Insurgent is a project built inside Runway23’s startup studio where we provide it all necessary resources to build and develop it.

Where is Insurgent hosted?

Insurgent is hosted in Spokane, WA, using rented hardware from Crunchbits.

We have plans to self-host Insurgent on our own hardware in Mexico City later on.

How do I get an invite?

During our closed beta period, all Insurgent users get issued 3 invite codes which they can use to invite other users; these users can then invite another 3 and so on. So the trick really is to find a friend who recently got invited.

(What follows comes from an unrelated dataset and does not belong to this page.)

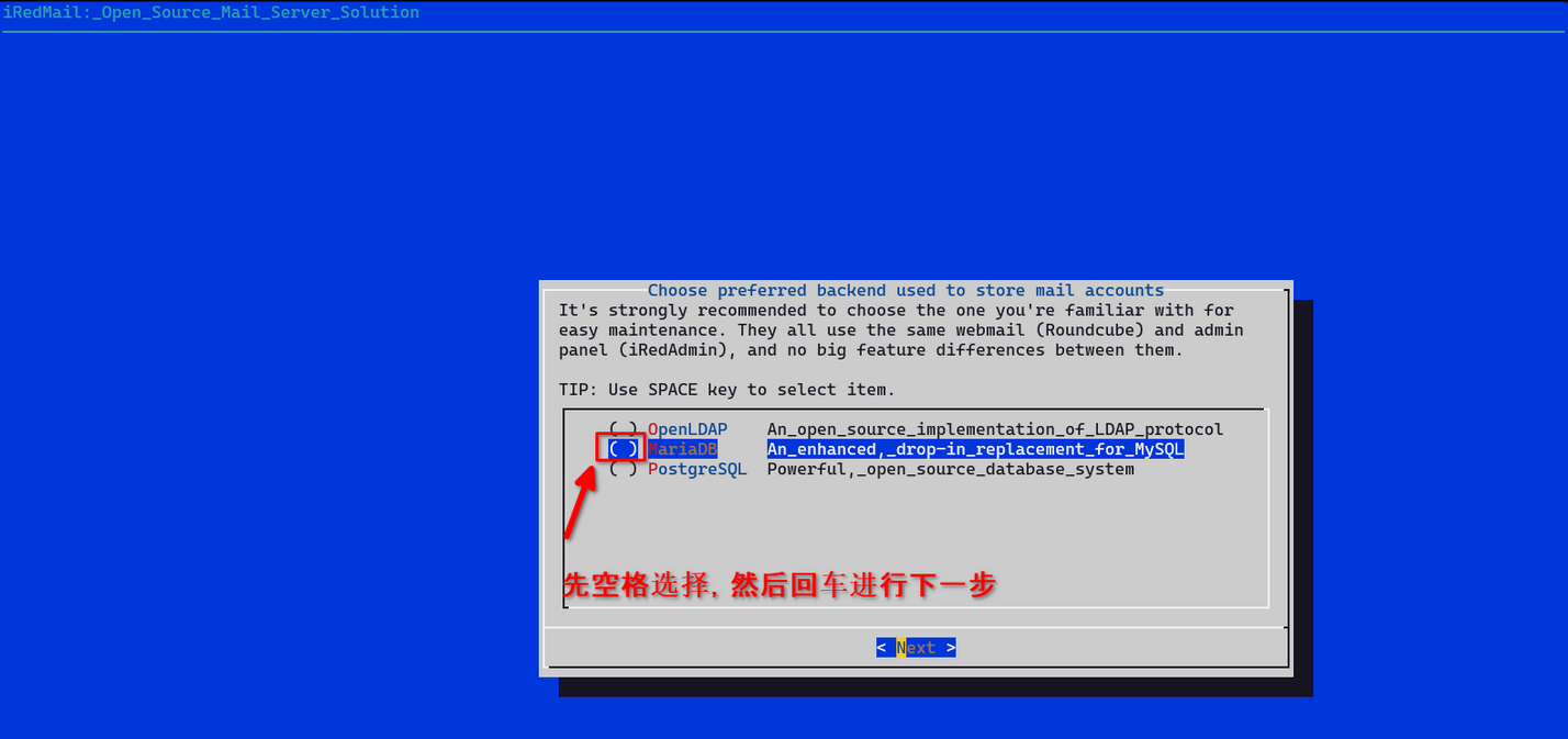 下一步.默认open ldap页面,选择maria DB (见上面的原文链接):

Now, please, for the love of god, do NOT harass and annoy our users asking them for an invite code. If you end up getting one and we know how you got it, you’re getting banned.

How much does Insurgent cost?

Insurgent is free to use, and will always be.

We have plans to offer yearly subscriptions for things like more storage.

How do you make money?

We don’t! We actually lose money from this.

Currently, the costs to run Insurgent are lower than if all our team members were paying for a premium email service each, and Insurgent piggybacks off our existing infrastructure which we also use for other projects.

Do you sell my data.

No.

We will simply never, ever, sell your data. Fuck that shit.

How do you handle my data?

As Insurgent is ran by a Mexican entity, we are required to follow the Mexican data protection laws (ie, LFPDPPP), and provide our users with means to enforce their ARCO rights.

Although our servers are located in the US, we still try to comply with the GDPR and its underlined mechanisms.

You can review our Privacy Policy to learn more about how we handle your data in this regard, and how we do our best to follow both European and Mexican law.

Is my data secure?

Yes, we encrypt our servers using full-disk encryption, and encrypt the containers and databases, all using different keys and passwords.

This should be enough for any bad actor trying to get into our servers, as they’d need two sets of keys to be able to decrypt our data — which we regenerate every major system maintenance period.

We have plans to implement per-user encryption to add another layer to that, and make it impossible for even us to read your data.

Can you read through my data?

Yes.

We are not really interested in it though, and we recommend you to add another layer of security yourself by signing and encrypting your emails using tools like OpenPGP.

Do you store logs?

Like wooden ones? Yeah.

Computer ones? Not really.

Insurgent does not store any logs related to user activity; we only keep logs used for system management and security purposes (ie, admin logins, init system statuses, disk quotas, etc), and they’re wiped after 90 days.

Do you hand over my data to law enforcement?

Yes.

As required by Mexican law (ie. Chapters 189 and 190 of the Ley Federal de Telecomunicaciones y Radiodifusión), we must maintain a mean for law enforcement to request data and we are required to hand it over.

We are not too sure how this is handled in the international aspect of things, but we are willing to cooperate with foreign law enforcement agencies as long as it does not put in risk the integrity of other users and it is being done in good faith without attempting to violate the human rights of our users.

You can read more about how we handle this in our corporate website for legal affairs here.

Is Insurgent open source?

No, but we plan to make it so soon as we polish our deploy configuration.

Who is “Robert” and why does he keep emailing me?

Robotic Overlord Bombarding Endless Redundant Transmissions, or as we call him around the office, R.O.B.E.R.T, is our system notifications bot. He sends out things like newsletters regarding Insurgent and Runway23’s operations, notifications about your account, etc.

He tries to be as polite and unobtrusive as possible, but if you’re receiving a lot of emails from him, maybe try to listen to what he’s saying for a bit…

Does Insurgent have 2FA?

Ya 1 factor’s ur username’s the other’s ur password

Can I have multiple accounts?

Sure, all we ask you is that you don’t make them to abuse/bypass storage limits or to abuse other services.

This doesn’t apply to Lighty, you get one account, okay?

Do you support aliases or inbox delimiters?

No, but we plan to.

For delimiters, give us a while, we’d love to.

For aliases, maybe; but it’ll probably be paid.